What would it be like for us as content consumers if more celebrities poked fun at themselves and were forthright about cosmetic procedures? Would it spare people the potential psychic harm of believing that certain looks can be achieved “naturally,” and comparing themselves to these celebrities?
Does awareness actually help us feel better? Does humor or self-deprecation?
Kim Kardashian did savagely poke fun at herself and her family in her Saturday Night Live monologue; she even joked that she’s “so much more than that reference photo my sisters showed their plastic surgeons,” (yow!) but she’s never admitted to herself having done anything but Botox. Recall how in 2000, also on SNL, Britney Spears joked about rumors of her breast implants. Does that make you feel differently, somehow, about Britney? What if Kim did a similar thing with her butt, for instance?
That lack of self-seriousness in a famous person can be pretty charming. It makes the mythic figure that is the celebrity feel more real. But does it actually change anything about how we think about plastic surgery and our own bodies?
To tackle these questions, I spoke to Jessica DeFino, author of newsletter, whose work “basically gives the middle finger to the entire beauty industry,” per HuffPost. Jessica dissects beauty marketing myths, our relationship as consumers to aesthetic standards, and topics like why skincare culture is ideologically the same as diet culture (one of my favorite essays).

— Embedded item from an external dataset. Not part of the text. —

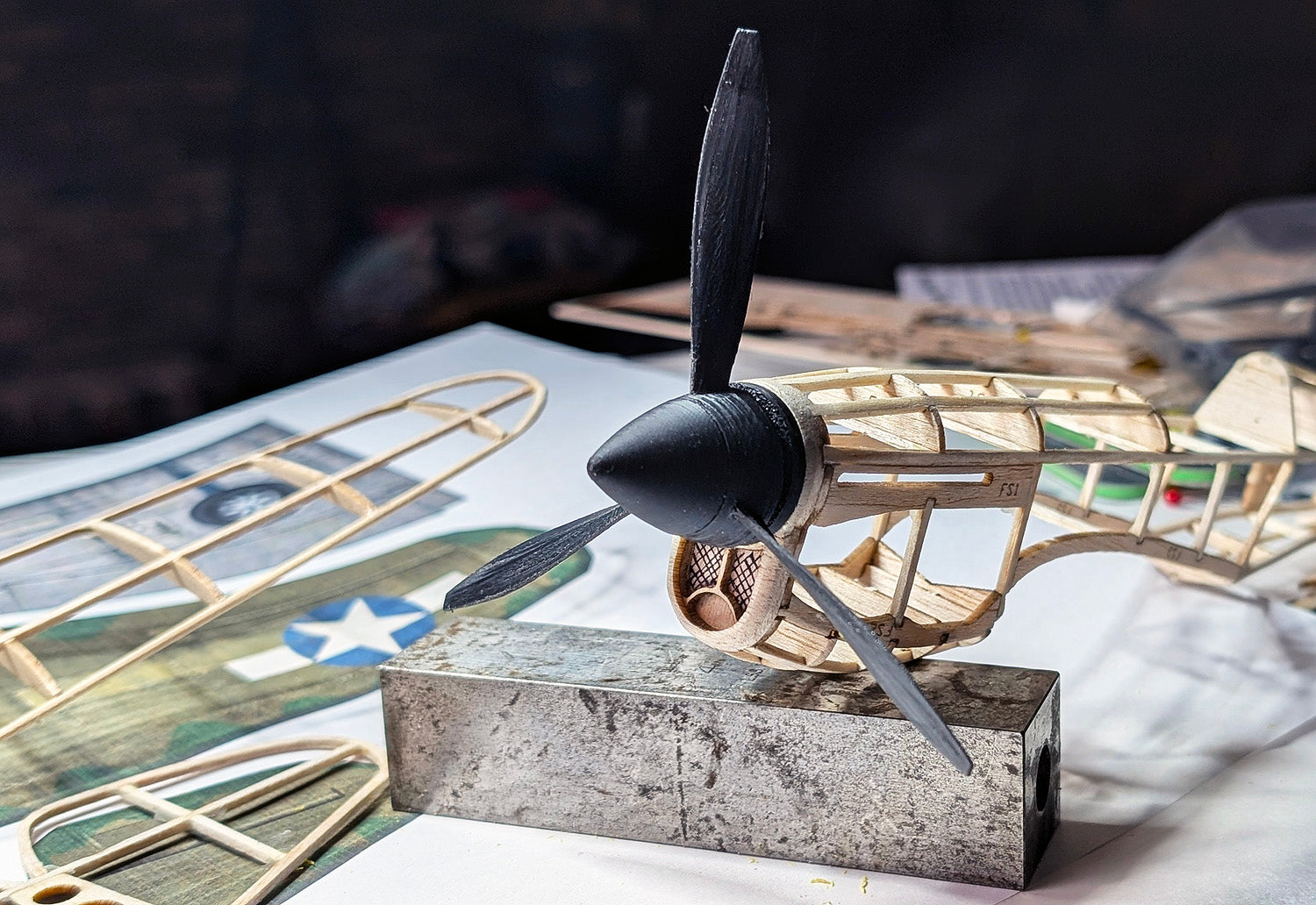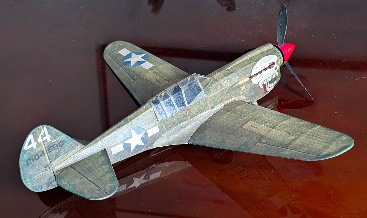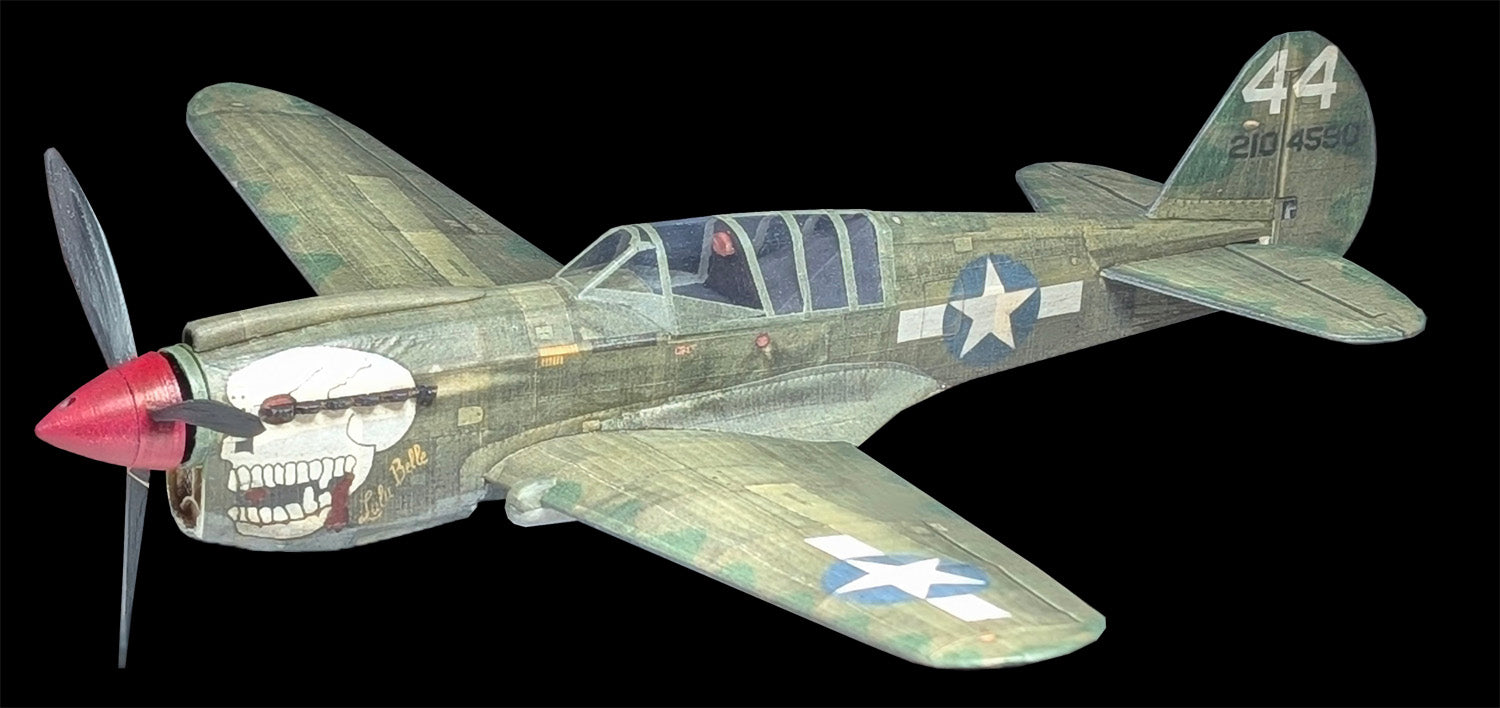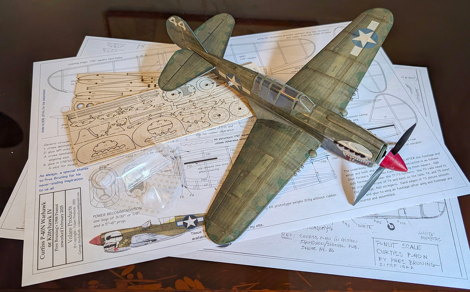 The P-40N Warkawk (British Kittyhawk IV) in Peanut Scale WITH vacu-formed Canopy and Spinner. This is based on Pres Bruning's plan, which is also included.

This interview has been edited and condensed.
MJ: What do you think would happen if celebrities like Kim—famously tight-lipped about surgical interventions—admitted that they’ve had them?
JD: It would be wonderful, but I also don’t know that it would change very much because we all know they’re doing a lot of shit to their faces and bodies. They’re not hiding it well. I also don’t know that it would have much of an impact on the issues that these beauty standards and the pressure to conform to these beauty standards bring up.
There have been some studies with advertising images and disclosure, putting a little message on an image that’s been photoshopped. It basically has no effect on whether a person sees that image and feels inadequate as a result. It doesn’t lessen the pressure to adhere to the standard of beauty, it keeps the pressure about the same or even increases it, because now you have a laundry list of what you need to do in order to look like this.
If the Kardashians were to come out and say, “Here’s everything we’ve had done” … I just don’t think they would, because they capitalize on it. They have all these lines of shapewear, makeup, skin care, they used to do hair care, vitamins. They’re profiting off of this in many ways.
Do you think that’s the difference in how we receive their disclosure? Some celebrities are selling us beauty products and others aren’t?
That’s one thing that comes to mind when I’m like, “Why does it feel different for somebody like Dolly Parton?” And I think a big part of that is that she hasn’t tried to sell this to people. For the Kardashians, their livelihood is selling their standard of beauty to the public. Just from some of the things Dolly Parton has said, I don’t think she wants a world in which everybody looks like her. And all of these doppelgangers of Kim Kardashian, she has a very signature look—I don’t think that is a goal for somebody like Dolly, whereas a lot of beauty idols today love having that type of influence.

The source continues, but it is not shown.